Translating a Rise Course with Storyline blocks

Jan 21, 2020


I am currently evaluating eLearning tools and I want to know more about the translation process for Rise Courses with Storyline blocks. It's my understanding that Storyline blocks are treated as web objects in Rise courses, so they are unable to be translated. 

For context, I have to translate content into 11 different languages. What would the process look like to translate a Rise course with Storyline blocks into multiple languages? I'd love to understand the process from start to finish.



8 Replies
Alyssa Gomez

Hi Danielle!

Check out these four simple steps for translating a Rise 360 into a different language. 

If the translated course contains a Storyline block, you'll want to translate the Storyline content separately. Then, import the newly-translated Storyline block into the translated Rise course. 

Let me know if that answers your question!

Danielle Ferretti

To confirm, would the process work as follows?
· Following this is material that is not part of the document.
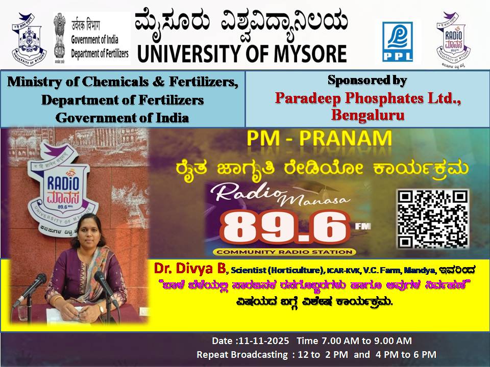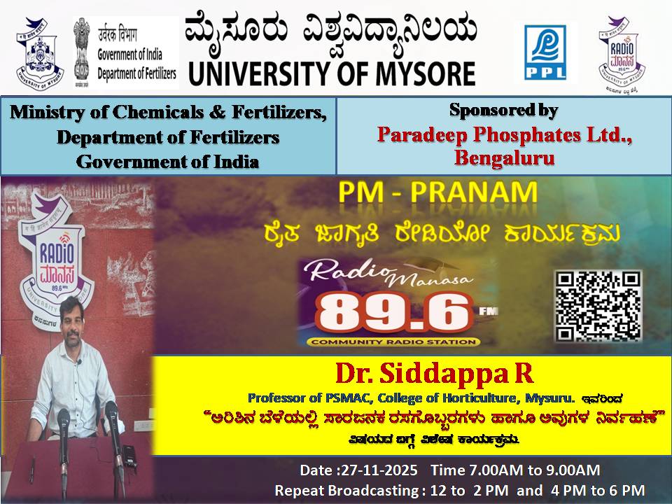 ರೇಡಿಯೋ ಮಾನಸ 89.6 FM ಮೈಸೂರು ವಿಶ್ವವಿದ್ಯಾನಿಲಯ ಮತ್ತು ರಾಸಾಯನಿಕಗಳು ಮತ್ತು ರಸಗೊಬ್ಬರಗಳ ಸಚಿವಾಲಯ ರಸಗೊಬ್ಬರಗಳ ಇಲಾಖೆ ಭಾರತ ಸರ್ಕಾರ ಇವರು ಪ್ರಾಯೋಜಿಸಲ್ಪಟ್ಟಿರುವ ಪಾರದೀಪ್ ಪಾಸ್ಪೇಟ್ಸ್ ಲಿಮಿಟೆಡ್ ಬೆಂಗಳೂರು ಇವರೊಂದಿಗೆ ಜಂಟಿಯಾಗಿ ಆಯೋಜಿಸಿರುವ ವಿಶೇಷ ಸರಣಿ ಕಾರ್ಯಕ್ರಮದಲ್ಲಿ Dr. Siddappa, Professor of PSMAC, College of Horticulture, Mysuru ಇವರು " Farmer's Challenges and their thoughts in view of Kisan Day in Rural Area " ವಿಶೇಷ ಕಾರ್ಯಕ್ರಮವು ನಮ್ಮ ರೇಡಿಯೋ ಮಾನಸ CRS 89.6 FM App ಹಾಗೂ 89.6 FM ಕಂಪನಾಂಕದಲ್ಲಿ ದಿನಾಂಕ:23/12/2025ರಂದು ಬೆಳಿಗ್ಗೆ 7 ಗಂಟೆಗೆ ಪ್ರಸಾರವಾಗುತ್ತಿದ್ದು, ಎಲ್ಲಾರು ಸಹ ಕೇಳಬಹುದಾಗಿದೆ. ಇದೇ ಕಾರ್ಯಕ್ರಮವು ಮಧ್ಯಾಹ್ನ 12 ಗಂಟೆಗೆ ಮತ್ತು ಸಂಜೆ 4ಗಂಟೆಗೆ ಮರು ಪ್ರಸಾರವಾಗುತ್ತದೆ. Radio Manasa CRS 89.6 FM App Google Play Store ನಲ್ಲಿ ಲಭ್ಯವಿದ್ದು. ಎಲ್ಲರು Download ಮಾಡ ಬಹುದಾಗಿದೆ. ಅಥವಾ ಈ ಕೆಳಗಿರುವ ಲಿಂಕ್ ಅನ್ನ ಒತ್ತಿ ರೇಡಿಯೋ ಮಾನಸ App ಅನ್ನು Download ಮಾಡಿ ಕೊಂಡು ವಿಶ್ವದಾದ್ಯಂತ ಎಲ್ಲರು ಸಹ ಕೇಳಬಹುದು. https://play.google.com/store/apps/details?id=com.manasa ಪ್ರತಿ ದಿನ ನಮ್ಮ ಮೈಸೂರು ವಿಶ್ವವಿದ್ಯಾನಿಲಯ ಪ್ರಸ್ತುತ ಪಡಿಸುವ ರೇಡಿಯೋ ಮಾನಸದ ಕಾರ್ಯಕ್ರಮವು ಈ ಕೆಳಕಂಡ ಸಮಯದಲ್ಲಿ ಪ್ರಸಾರವಾಗುತ್ತದೆ 7AM to 9AM, 12Noon to 2PM, 4PM to 6 PM.

1. Create master Rise course in English.

2. Duplicate master course 11 times.

3. Export Rise course as XLIFF.

4. Export Storyline block as XLIFF.

5. Translate all content (externally).

6. Upload translated Rise course 11 times (for each language).

7. Upload translated Storyline block 11 times (for each language).

8. Publish translated Storyline block 11 times (for each language).

9. Add applicable Storyline block to each translated Rise course.

10. Export as SCORM 11 times (for each language).

If the above is correct, this is extremely time consuming. How can I speed up or automate this process? Is there any way to use API to automatically export/import Rise content and export/import/publish Storyline content?



Alyssa Gomez

Hi Danielle,

When you're translating a course into so many languages, I know that's quite a lot of work to do! While we don't have an option to automatically export/import Rise content and export/import/publish Storyline content, I'll share your experience with our team. We'll let you know if we make improvements to the translation process in the future. 

Alyssa Gomez

Hi Katy!

It sounds like you tried to open the XLIFF file on your computer, is that right? 

An XLIFF file is a special file commonly used for translating content. You'll want to use a web app, computer program, or professional translation service to edit your XLIFF file.

Do you have a translation provider who will translate the XLIFF files for you?